* **Work request**
Omit all pictures, then repeat the listing exactly.

* **Supplied material**
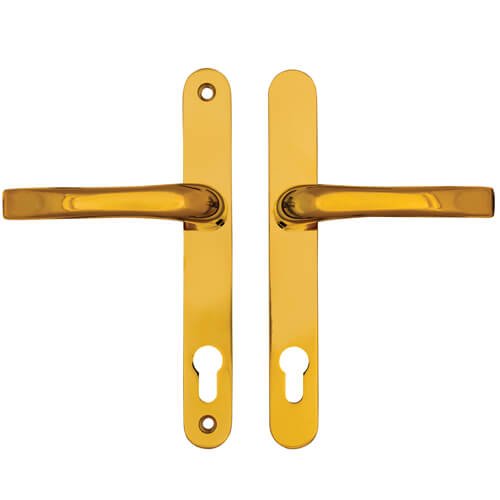 This Easyfit handle set has unsprung 92pz internal and external levers on a 230mm x 30mm backplate which is available in white, gold and polished chrome finishes.
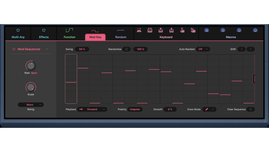 Wenn es noch mehr ins Detail gehen soll, bitte sehr: Im Advanced Panel gibt es noch Function, Mod Seq und Random zu entdecken. Anders als der JP-8000 erlaubt das französische Pedant enorme modulative Tiefgänge.
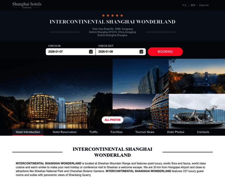 INTERCONTINENTAL SHANGHAI WONDERLANDofficial Website, Best price guarantee,book now!INTERCONTINENTAL SHANGHAI WONDERLAND is located at Sheshan Mountain Range and features quiet luxury, exotic flora and fauna, world class cuisine and warm smiles to make your next holiday or conference visit to Sheshan a welcome escape. We are 30 km from Hongqiao Airport and close to attractions like Sheshan National Park and Chenshan Botanic Gardens. INTERCONTINEN...

* **Solution for this task**
 This Easyfit handle set has unsprung 92pz internal and external levers on a 230mm x 30mm backplate which is available in white, gold and polished chrome finishes.
 Wenn es noch mehr ins Detail gehen soll, bitte sehr: Im Advanced Panel gibt es noch Function, Mod Seq und Random zu entdecken. Anders als der JP-8000 erlaubt das französische Pedant enorme modulative Tiefgänge.
 INTERCONTINENTAL SHANGHAI WONDERLANDofficial Website, Best price guarantee,book now!INTERCONTINENTAL SHANGHAI WONDERLAND is located at Sheshan Mountain Range and features quiet luxury, exotic flora and fauna, world class cuisine and warm smiles to make your next holiday or conference visit to Sheshan a welcome escape. We are 30 km from Hongqiao Airport and close to attractions like Sheshan National Park and Chenshan Botanic Gardens. INTERCONTINEN...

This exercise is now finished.